- [Exercise details]:
Retype the whole listing exactly. Leave out pictures.

:: Available data

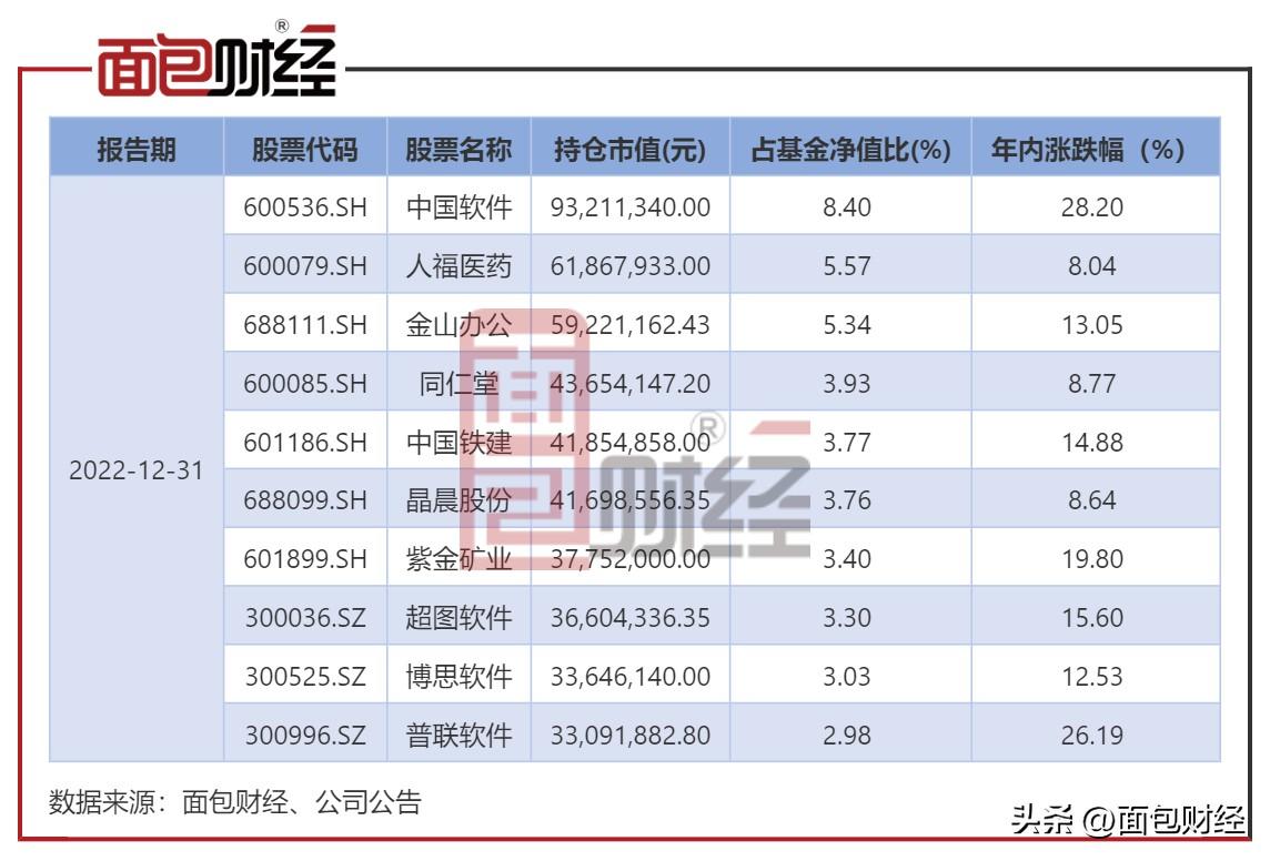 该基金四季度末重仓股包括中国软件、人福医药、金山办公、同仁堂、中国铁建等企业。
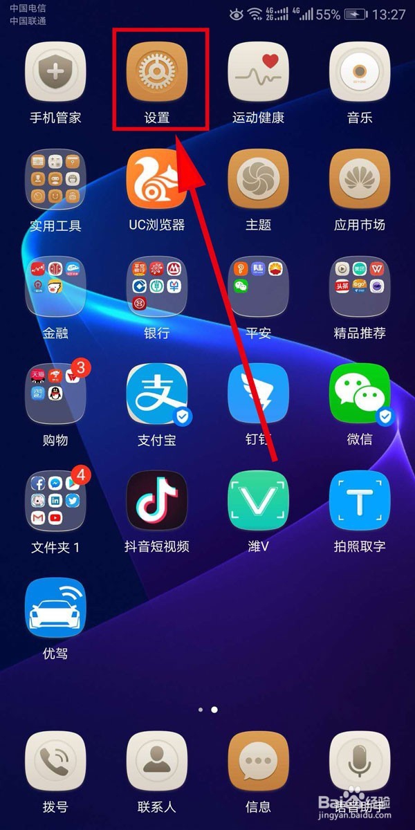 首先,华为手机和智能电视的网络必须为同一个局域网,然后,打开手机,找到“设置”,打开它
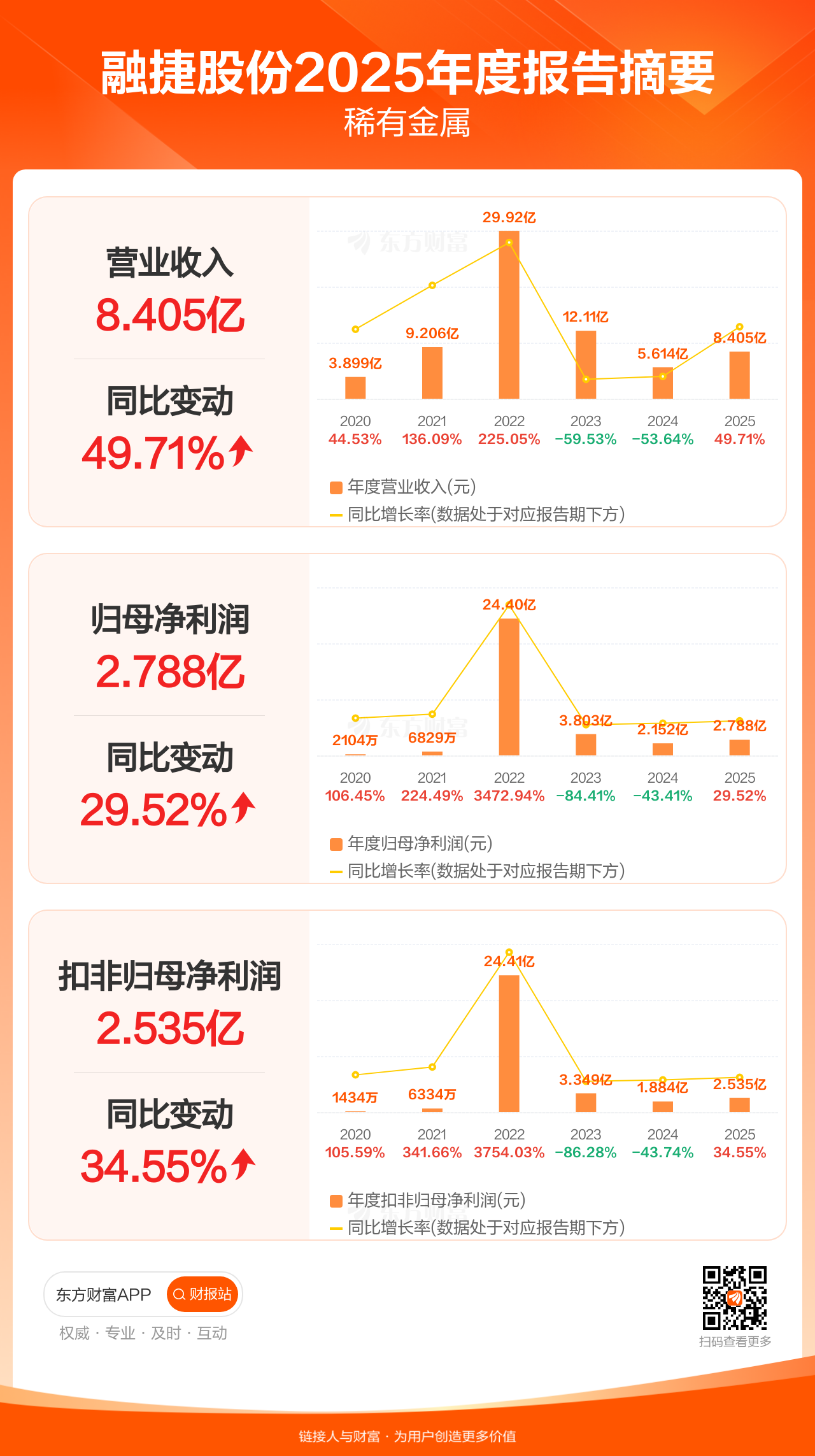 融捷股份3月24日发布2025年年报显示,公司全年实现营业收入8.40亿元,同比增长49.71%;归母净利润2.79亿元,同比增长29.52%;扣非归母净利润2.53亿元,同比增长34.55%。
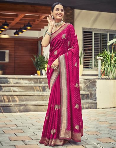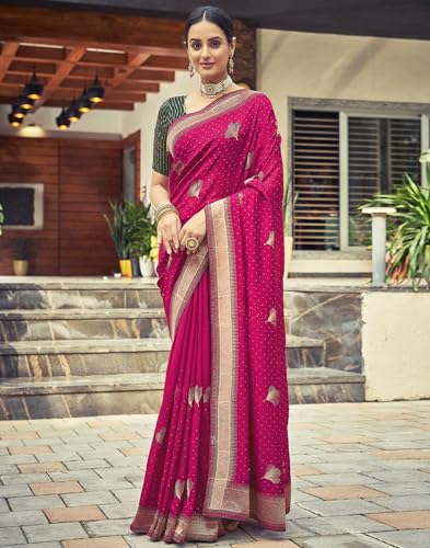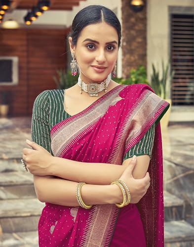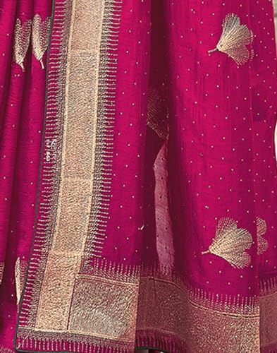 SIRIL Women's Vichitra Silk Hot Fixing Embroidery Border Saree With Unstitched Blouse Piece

::::

- [Answer to this exercise]:
 该基金四季度末重仓股包括中国软件、人福医药、金山办公、同仁堂、中国铁建等企业。
 首先,华为手机和智能电视的网络必须为同一个局域网,然后,打开手机,找到“设置”,打开它
 融捷股份3月24日发布2025年年报显示,公司全年实现营业收入8.40亿元,同比增长49.71%;归母净利润2.79亿元,同比增长29.52%;扣非归母净利润2.53亿元,同比增长34.55%。
 SIRIL Women's Vichitra Silk Hot Fixing Embroidery Border Saree With Unstitched Blouse Piece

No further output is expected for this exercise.